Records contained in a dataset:

═══

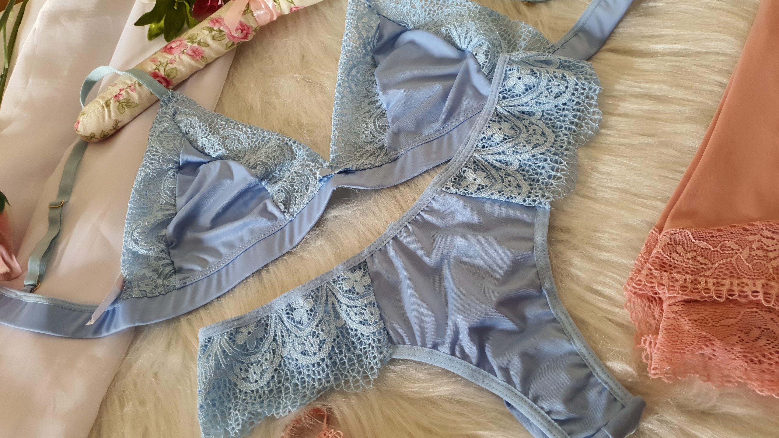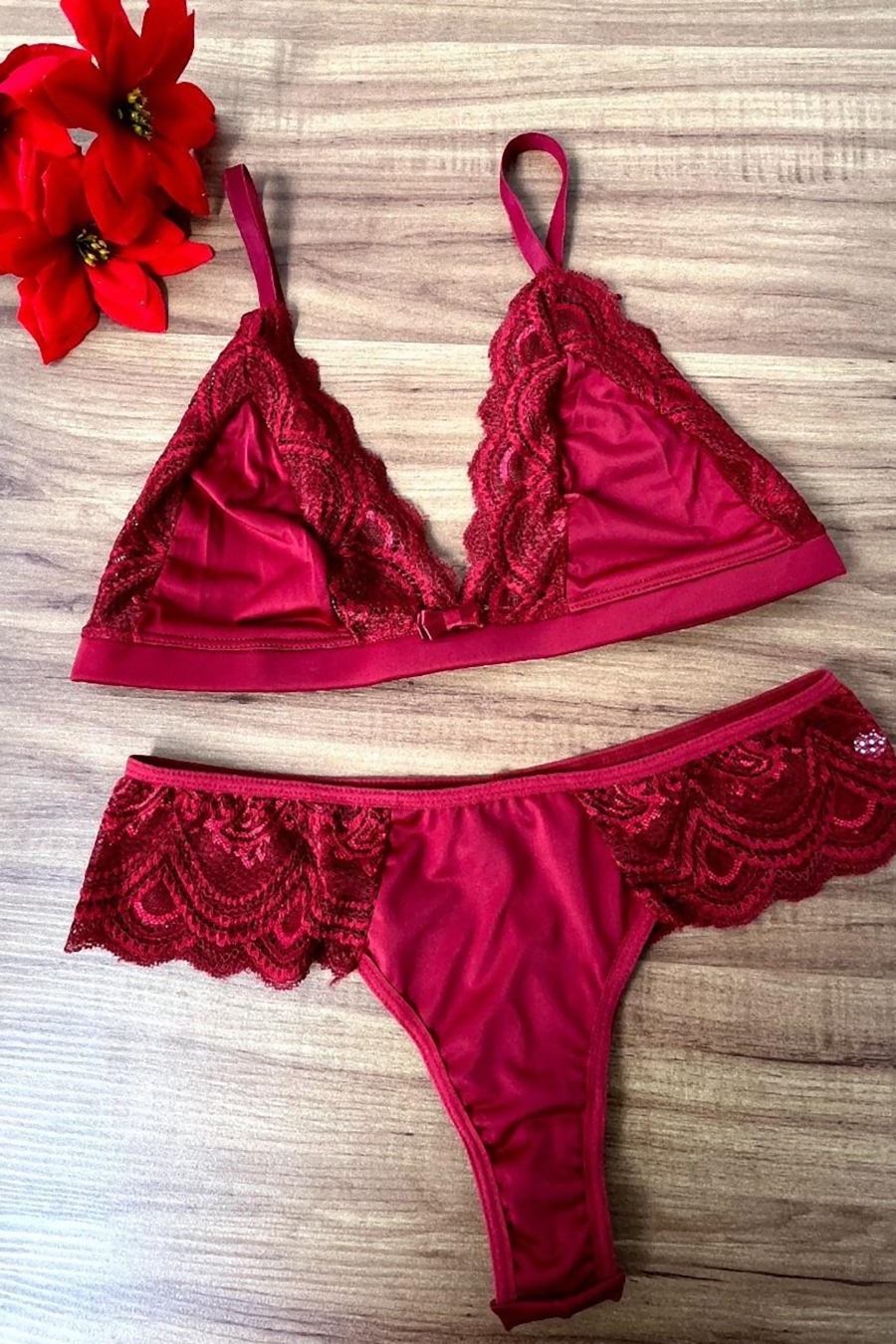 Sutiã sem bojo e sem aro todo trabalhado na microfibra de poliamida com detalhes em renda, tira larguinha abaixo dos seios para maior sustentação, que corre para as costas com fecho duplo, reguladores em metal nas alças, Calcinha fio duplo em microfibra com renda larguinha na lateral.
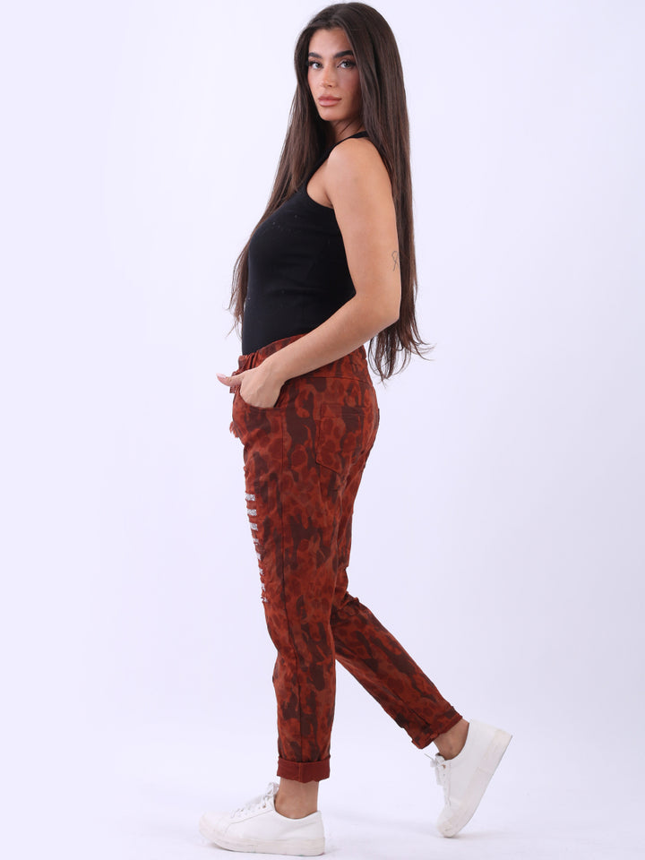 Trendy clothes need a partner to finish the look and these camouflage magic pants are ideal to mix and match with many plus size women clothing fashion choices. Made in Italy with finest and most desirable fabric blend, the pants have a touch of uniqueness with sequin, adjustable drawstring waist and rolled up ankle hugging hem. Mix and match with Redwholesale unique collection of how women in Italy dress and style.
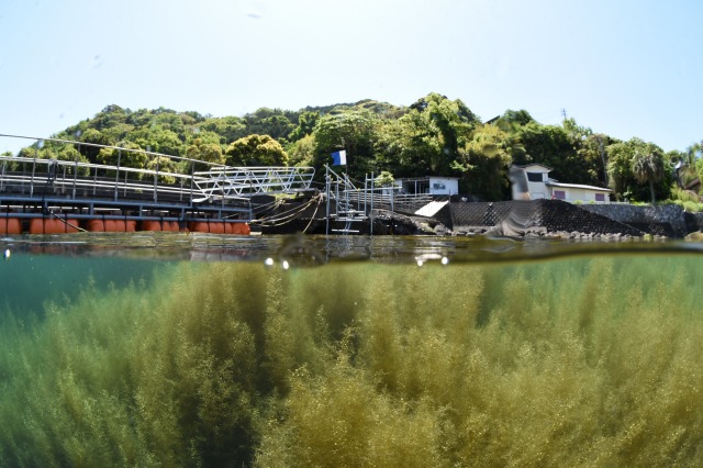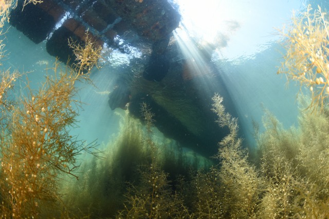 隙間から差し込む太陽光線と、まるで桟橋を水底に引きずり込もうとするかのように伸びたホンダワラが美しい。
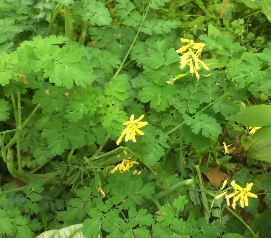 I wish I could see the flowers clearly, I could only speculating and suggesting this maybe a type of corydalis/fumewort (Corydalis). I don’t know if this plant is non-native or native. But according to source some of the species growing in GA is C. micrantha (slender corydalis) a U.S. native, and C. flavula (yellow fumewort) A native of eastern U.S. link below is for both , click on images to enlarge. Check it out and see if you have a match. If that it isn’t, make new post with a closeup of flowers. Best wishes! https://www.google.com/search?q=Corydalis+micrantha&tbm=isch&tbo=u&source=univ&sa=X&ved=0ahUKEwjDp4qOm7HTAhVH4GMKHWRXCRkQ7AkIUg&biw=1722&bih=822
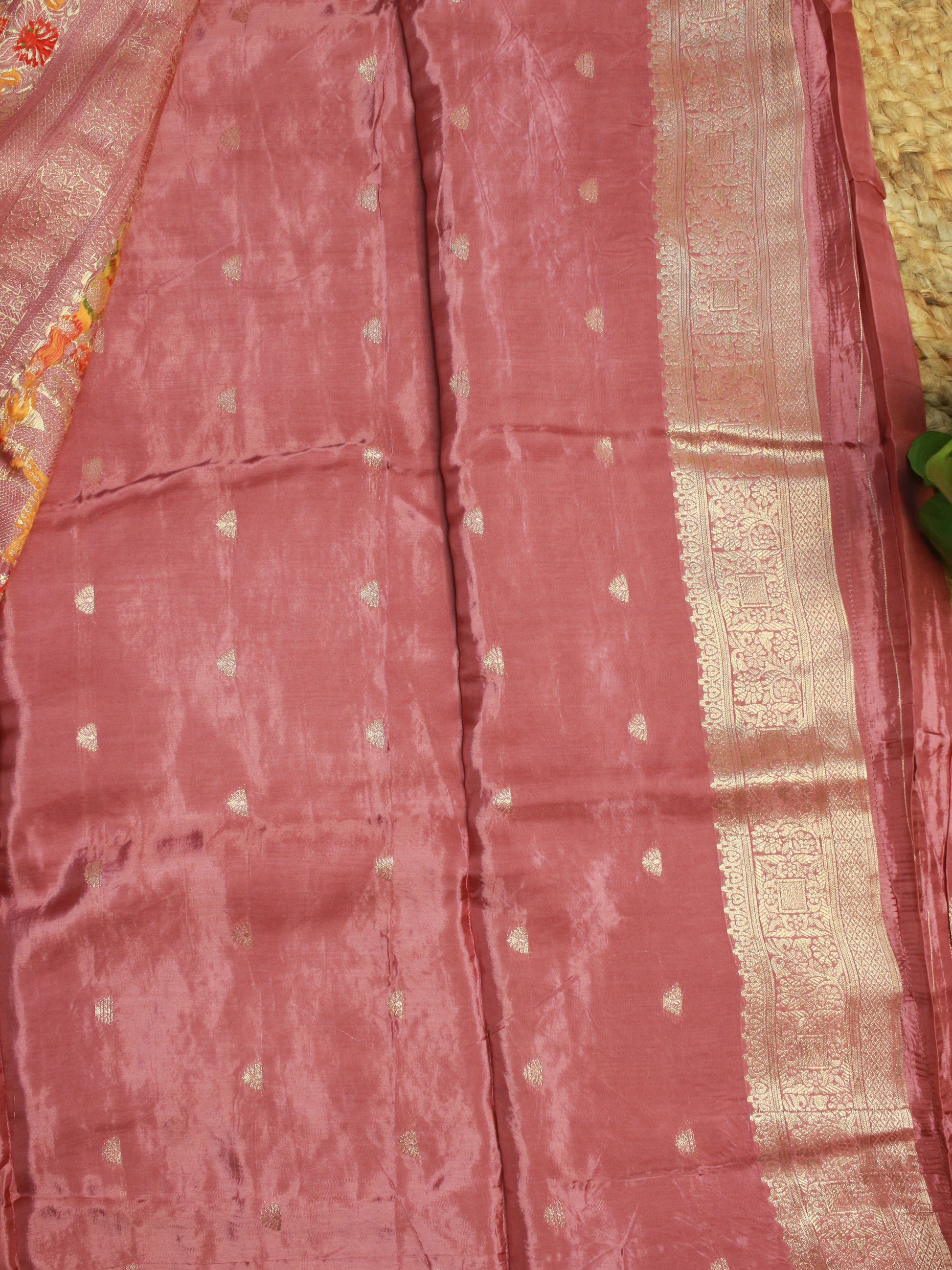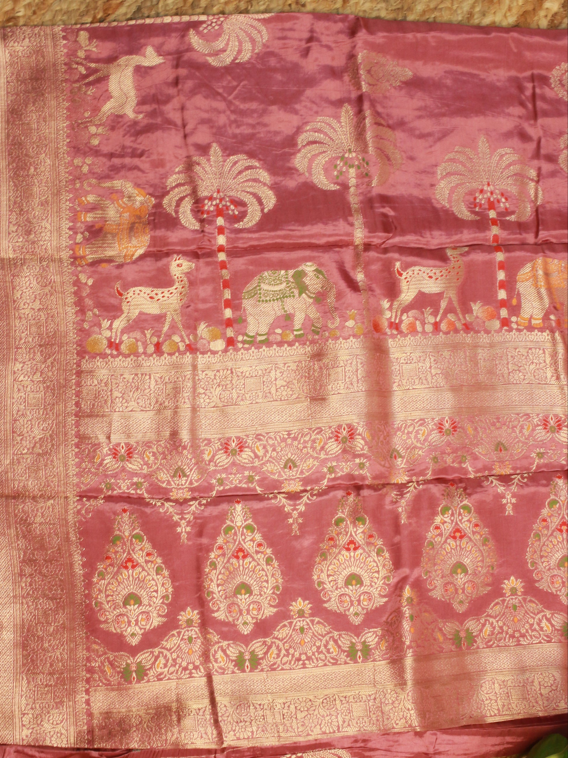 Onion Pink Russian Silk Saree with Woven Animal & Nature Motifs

═══

## Assigned task:
Each entry, word for word, belongs in your answer; each picture does not.

## Solution for this problem:
 Sutiã sem bojo e sem aro todo trabalhado na microfibra de poliamida com detalhes em renda, tira larguinha abaixo dos seios para maior sustentação, que corre para as costas com fecho duplo, reguladores em metal nas alças, Calcinha fio duplo em microfibra com renda larguinha na lateral.
 Trendy clothes need a partner to finish the look and these camouflage magic pants are ideal to mix and match with many plus size women clothing fashion choices. Made in Italy with finest and most desirable fabric blend, the pants have a touch of uniqueness with sequin, adjustable drawstring waist and rolled up ankle hugging hem. Mix and match with Redwholesale unique collection of how women in Italy dress and style.
 隙間から差し込む太陽光線と、まるで桟橋を水底に引きずり込もうとするかのように伸びたホンダワラが美しい。
 I wish I could see the flowers clearly, I could only speculating and suggesting this maybe a type of corydalis/fumewort (Corydalis). I don’t know if this plant is non-native or native. But according to source some of the species growing in GA is C. micrantha (slender corydalis) a U.S. native, and C. flavula (yellow fumewort) A native of eastern U.S. link below is for both , click on images to enlarge. Check it out and see if you have a match. If that it isn’t, make new post with a closeup of flowers. Best wishes! https://www.google.com/search?q=Corydalis+micrantha&tbm=isch&tbo=u&source=univ&sa=X&ved=0ahUKEwjDp4qOm7HTAhVH4GMKHWRXCRkQ7AkIUg&biw=1722&bih=822
 Onion Pink Russian Silk Saree with Woven Animal & Nature Motifs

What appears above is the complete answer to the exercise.